- _Task statement_
Nothing outside the range is wanted. Repeat exactly the lines below from the one with "Best teacher in" through the one with "En la piel de la mujer es".

- _Given data_
----------------
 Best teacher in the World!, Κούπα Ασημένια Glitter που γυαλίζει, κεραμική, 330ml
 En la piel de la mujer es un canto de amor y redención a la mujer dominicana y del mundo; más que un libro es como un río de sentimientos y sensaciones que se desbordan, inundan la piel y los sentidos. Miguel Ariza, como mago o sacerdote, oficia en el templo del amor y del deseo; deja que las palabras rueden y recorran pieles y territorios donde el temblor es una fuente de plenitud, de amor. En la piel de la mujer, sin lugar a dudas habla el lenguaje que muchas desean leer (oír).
----------------
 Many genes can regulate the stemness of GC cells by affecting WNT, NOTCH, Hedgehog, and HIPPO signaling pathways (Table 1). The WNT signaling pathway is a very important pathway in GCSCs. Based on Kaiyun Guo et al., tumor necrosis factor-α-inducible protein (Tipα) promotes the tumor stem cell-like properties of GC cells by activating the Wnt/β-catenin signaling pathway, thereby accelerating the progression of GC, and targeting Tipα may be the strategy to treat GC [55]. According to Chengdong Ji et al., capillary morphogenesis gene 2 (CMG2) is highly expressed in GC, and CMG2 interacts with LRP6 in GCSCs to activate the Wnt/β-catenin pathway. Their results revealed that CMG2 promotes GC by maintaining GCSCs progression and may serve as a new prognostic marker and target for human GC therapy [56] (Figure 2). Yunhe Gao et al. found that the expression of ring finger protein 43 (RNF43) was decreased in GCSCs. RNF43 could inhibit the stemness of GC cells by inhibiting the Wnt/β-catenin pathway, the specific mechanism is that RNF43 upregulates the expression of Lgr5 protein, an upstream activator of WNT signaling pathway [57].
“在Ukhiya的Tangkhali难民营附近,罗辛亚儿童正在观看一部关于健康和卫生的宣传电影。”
----------------
- _Task result_
 Best teacher in the World!, Κούπα Ασημένια Glitter που γυαλίζει, κεραμική, 330ml
 En la piel de la mujer es un canto de amor y redención a la mujer dominicana y del mundo; más que un libro es como un río de sentimientos y sensaciones que se desbordan, inundan la piel y los sentidos. Miguel Ariza, como mago o sacerdote, oficia en el templo del amor y del deseo; deja que las palabras rueden y recorran pieles y territorios donde el temblor es una fuente de plenitud, de amor. En la piel de la mujer, sin lugar a dudas habla el lenguaje que muchas desean leer (oír).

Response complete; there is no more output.